Menanggapi Jawaban Somasi Pertama
Miswari menegaskan bahwa pihaknya telah menyusun lima poin bantahan terhadap tanggapan yang diberikan oleh RS Permata Madina. Ini menunjukkan bahwa mereka tidak hanya berupaya untuk mendapatkan keadilan, tetapi juga menuntut pertanggungjawaban yang jelas dari pihak rumah sakit.
“Kami berharap agar pihak rumah sakit dapat memberikan jawaban yang lebih memadai dan transparan,” lanjutnya. “Tindakan mereka dalam menanggapi somasi ini sangat penting untuk proses yang akan datang.”
Permintaan Rekam Medis dan Implikasinya
Miswari juga menekankan pentingnya akses terhadap rekam medis pasien.
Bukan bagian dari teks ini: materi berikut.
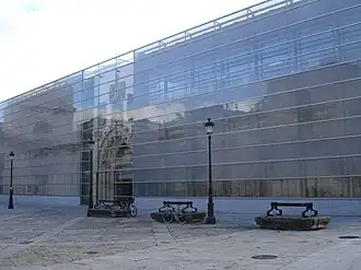 Los autores del proyecto son los arquitectos Andrés Celis y Jael Ortega. El edificio se concibe como un volumen monolítico y aparentemente homogéneo, con una piel continua de vidrio serigrafiado. Esta envoltura no es sino la hoja externa de una doble cubierta que reviste zonas opacas, transparentes y traslúcidas, englobando también la fachada gótica, que queda así integrada en la composición del edificio.
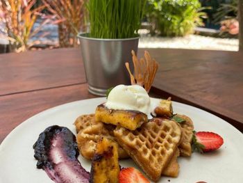 Утром нужно было заказывать завтрак, ожидание заказа иногда достигало 1 часа и к тому же могли принести не то, что заказывал. Продукты которые размещены на шведском столе (фрукты, овощи т.д) всегда приносятся в минимальном количестве, их очень быстро разбирают (хоть они как правило неспелые), а новые приносить никто не торопится, в итоге вы можете их просто не увидеть за все пребывание на завтраке.

Ia mengatakan bahwa penolakan untuk menyerahkan dokumen tersebut dapat menjadi sinyal adanya kesalahan dalam penanganan medis, dan hal ini bisa menjadi alat bukti yang memberatkan dalam persidangan nantinya.
“Kami mendesak rumah sakit untuk tidak menghindar dari tanggung jawab dan memberikan semua informasi yang diperlukan,” tegasnya.
Langkah Selanjutnya bagi Keluarga Pasien
Dengan somasi kedua ini, keluarga pasien berharap untuk segera mendapatkan kepastian hukum. Jika pihak RS Permata Madina tidak menanggapi dengan baik, mereka akan melanjutkan langkah hukum ke pengadilan.
“Ini adalah somasi terakhir kami sebelum mengambil tindakan hukum lebih lanjut,” jelas Miswari. “Segala akibat hukum yang timbul dari kasus ini akan sepenuhnya menjadi tanggung jawab pihak rumah sakit.”
Pentingnya Kesadaran Hukum dalam Dunia Medis
Kasus ini merupakan pengingat bagi semua pihak terkait pentingnya kesadaran akan tanggung jawab hukum dalam dunia kesehatan. Setiap rumah sakit dan tenaga medis harus memahami bahwa mereka memiliki kewajiban untuk memberikan pelayanan terbaik dan memenuhi standar medis yang telah ditetapkan.
“Kami berharap kasus ini bisa menjadi pelajaran berharga bagi semua pihak untuk lebih berhati-hati dan bertanggung jawab dalam menjalankan tugas mereka,” kata Miswari menutup keterangan persnya.
Dengan demikian, kasus ini tidak hanya berdampak pada keluarga pasien yang bersangkutan, tetapi juga bisa memicu perubahan dalam praktik pelayanan kesehatan di Indonesia. Setiap pasien berhak mendapatkan perawatan yang aman dan memadai, serta diakui hak-haknya dalam menghadapi tindakan medis yang tidak sesuai.